# Material provided
:::
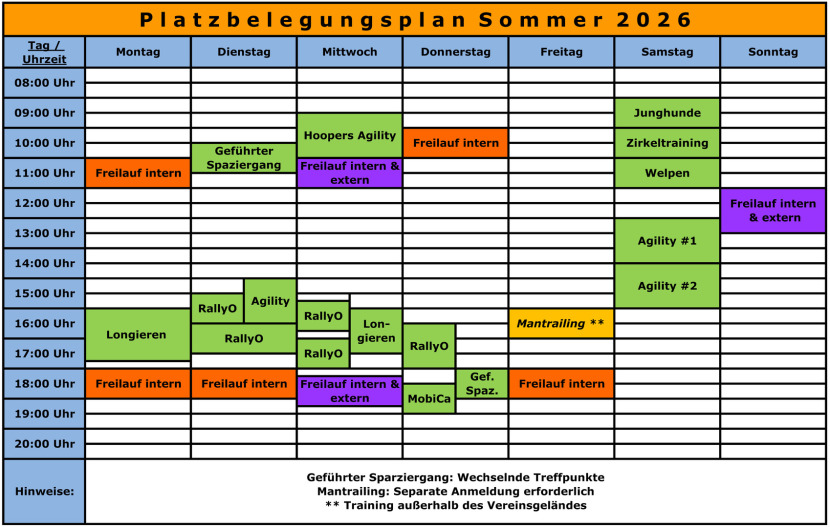 * Die Zeiten für Jagdersatztraining sowie Pocketdummy werden
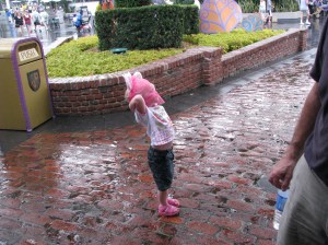It rained every day, but most times it was just a drizzle, or a short shower and then on with the show. We were at Animal Kingdom the second day, and when it started to rain, you would have thought we were the only ones there. People simply disappeared. We were walking down the street – I mean, come on people, it’s just a drizzle, even the baby in her stroller didn’t seem to notice it – and it was practically empty. That was in the top ten of my favorite parts of vacation, that empty street. As soon as it stopped, there seemed to be twice as many people as before. My nephews tell me that it rains every day in Florida, but I didn’t remember that from last year.
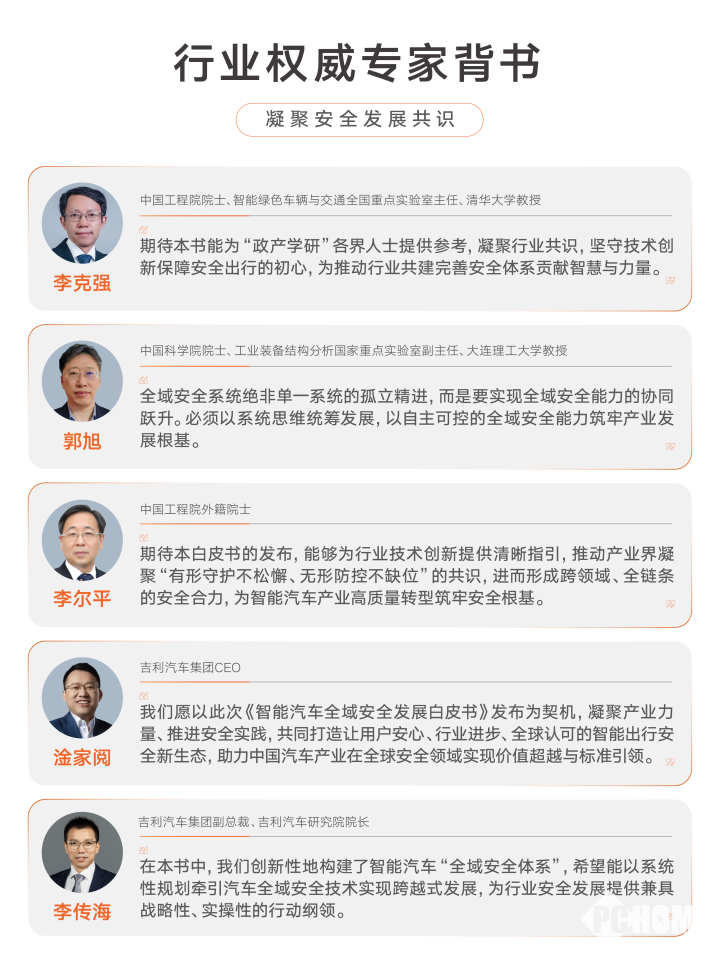 据了解,《智能汽车全域安全发展白皮书》由吉利汽车联合中国汽车技术研究中心、清华大学等11家产学研机构于2025年12月12日共同发布。同时,首次定义了“全域安全2.0”体系,在传统被动安全基础上,新增了“公域安全”维度,覆盖驾驶安全、主动安全、被动安全、救援安全、健康安全、新能源安全、防盗安全、数字安全九大系统,将安全范畴从单车防护扩展至交通生态整体安全,并且关注社会交通参与者安全,推动车路协同、应急救援联动等公共安全技术标准化。
:::
# Instructions for the task
Extract every line of the data exactly; pictures stay out.

# Written solution
 * Die Zeiten für Jagdersatztraining sowie Pocketdummy werden
It rained every day, but most times it was just a drizzle, or a short shower and then on with the show. We were at Animal Kingdom the second day, and when it started to rain, you would have thought we were the only ones there. People simply disappeared. We were walking down the street – I mean, come on people, it’s just a drizzle, even the baby in her stroller didn’t seem to notice it – and it was practically empty. That was in the top ten of my favorite parts of vacation, that empty street. As soon as it stopped, there seemed to be twice as many people as before. My nephews tell me that it rains every day in Florida, but I didn’t remember that from last year.
 据了解,《智能汽车全域安全发展白皮书》由吉利汽车联合中国汽车技术研究中心、清华大学等11家产学研机构于2025年12月12日共同发布。同时,首次定义了“全域安全2.0”体系,在传统被动安全基础上,新增了“公域安全”维度,覆盖驾驶安全、主动安全、被动安全、救援安全、健康安全、新能源安全、防盗安全、数字安全九大系统,将安全范畴从单车防护扩展至交通生态整体安全,并且关注社会交通参与者安全,推动车路协同、应急救援联动等公共安全技术标准化。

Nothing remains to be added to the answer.